A Associação das Bolsas de Ativos Digitais da Coreia (DAXA) lançou, em 29 de maio, um novo padrão de conformidade que exige que a Upbit, Bithumb, Coinone, Korbit e Gopax revoguem as chaves de API supostamente usadas para compartilhar indevidamente acesso entre usuários. A DAXA confirmou que implantará um sistema de lista de permissões de IP, mas ainda não divulgou o método específico de detecção de compartilhamento de API.
Novas medidas confirmadas pela DAXA: revogação, recredenciamento e lista de permissões de IP
Na nova regra, a DAXA confirmou que, assim que uma bolsa membro detectar uma conduta suspeita de compartilhamento de API, serão adotadas medidas em etapas: intensificação do monitoramento, envio de alertas aos usuários, em seguida exigência de recredenciamento obrigatório e, por fim, revogação das chaves de API supostamente compartilhadas.
Ao mesmo tempo, as bolsas membros vão implantar um sistema de lista de permissões de IP, limitando o acesso à API apenas a conexões provenientes de endereços aprovados. A Binance, Coinbase, OKX e Kraken já apoiam listas de permissões de IP e gerenciamento de permissões de API; a nova regra da DAXA é a exigência compulsória desse tipo de controle nas bolsas da Coreia.
Contexto histórico conhecido de manipulação e abuso de API confirmado pela FSS
A FSS apontou que alguns traders usam a estratégia de “enviar e cancelar repetidamente grandes ordens de compra” para criar sinais falsos de demanda e, em seguida, executar ordens de venda depois que o preço é puxado para cima. A FSS confirmou que não divulgou o número atual de contas sob investigação.
Em termos de contexto histórico, no incidente da 3Commas em março de 2022, cerca de 100 mil chaves de API vazaram; as chaves relacionadas estavam associadas às contas da Binance e da KuCoin. A empresa de infraestrutura cripto Sodot confirmou que muitos eventos envolvendo APIs são frequentemente classificados de forma genérica como ataques cibernéticos comuns, sem serem divulgados corretamente como incidentes de vazamento de credenciais.
Perguntas frequentes
Quais medidas específicas as novas regras de API da DAXA exigem e a quais exchanges elas se aplicam?
De acordo com a confirmação da DAXA, a nova regra exige que as cinco bolsas Upbit, Bithumb, Coinone, Korbit e Gopax, após detectar compartilhamento suspeito de API, executem: intensificação do monitoramento, envio de alertas ao usuário, recredenciamento obrigatório e, por fim, revogação das chaves de API supostamente compartilhadas, além de implantar o sistema de lista de permissões de IP. A DAXA confirmou que não divulgou o método específico de detecção.

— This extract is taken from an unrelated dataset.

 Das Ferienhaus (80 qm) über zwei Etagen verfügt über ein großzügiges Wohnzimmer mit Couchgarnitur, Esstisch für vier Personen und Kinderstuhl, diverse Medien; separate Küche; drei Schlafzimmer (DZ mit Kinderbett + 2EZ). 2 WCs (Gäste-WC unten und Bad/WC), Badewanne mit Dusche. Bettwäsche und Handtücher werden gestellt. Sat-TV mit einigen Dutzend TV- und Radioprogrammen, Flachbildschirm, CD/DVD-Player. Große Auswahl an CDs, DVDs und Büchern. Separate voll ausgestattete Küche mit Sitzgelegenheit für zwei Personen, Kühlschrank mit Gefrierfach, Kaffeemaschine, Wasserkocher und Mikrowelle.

Quais são, especificamente, as táticas de manipulação de mercado confirmadas pela FSS e a que tipo de violação elas pertencem?

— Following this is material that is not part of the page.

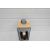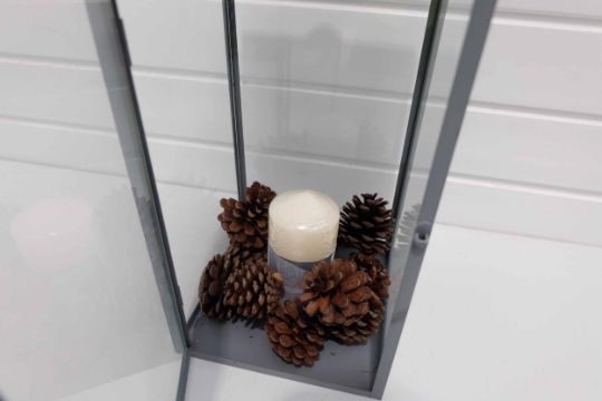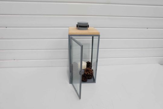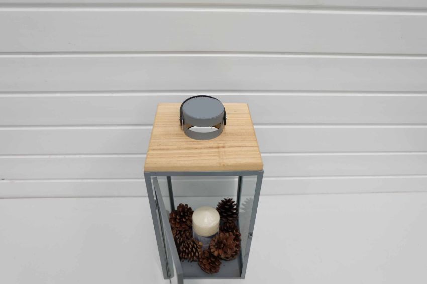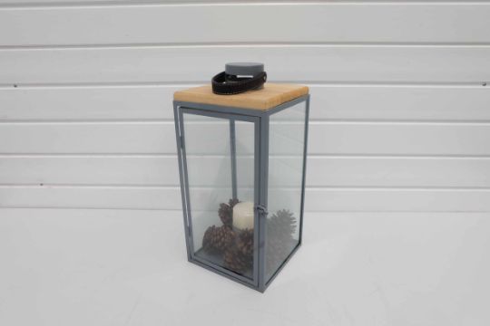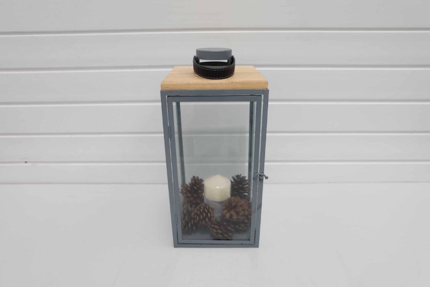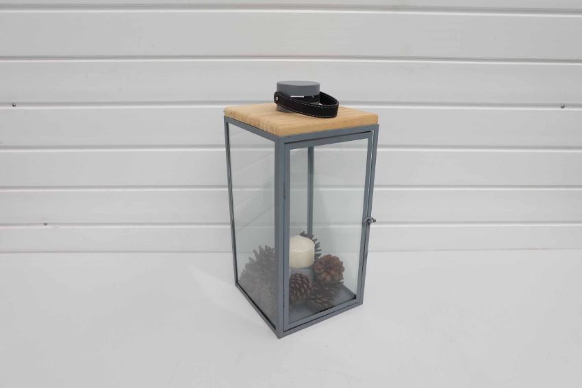 Grey Lantern Candle Holder With Leather Handle and Wooden Top.

A FSS confirmou que as táticas de manipulação marcadas incluem: enviar e cancelar repetidamente grandes ordens de compra para criar sinais falsos de demanda e, em seguida, executar ordens de venda depois que o preço é puxado para cima; isso se enquadra em condutas de precificação enganosa de mercado (Spoofing). A FSS confirmou que não divulgou a quantidade específica de contas sob investigação.
O incidente da 3Commas de 2022 e a nova regra da DAXA têm alguma relação de contexto?
O incidente da 3Commas ocorreu em 2022, quando cerca de 100 mil chaves de API vazaram, e as chaves relacionadas estavam associadas às contas da Binance e da KuCoin. A nova regra da DAXA tem como objetivo exigir, do ponto de vista de conformidade, que as exchanges detectem e controlem proativamente o compartilhamento de API, em vez de esperar que o vazamento aconteça para então reagir.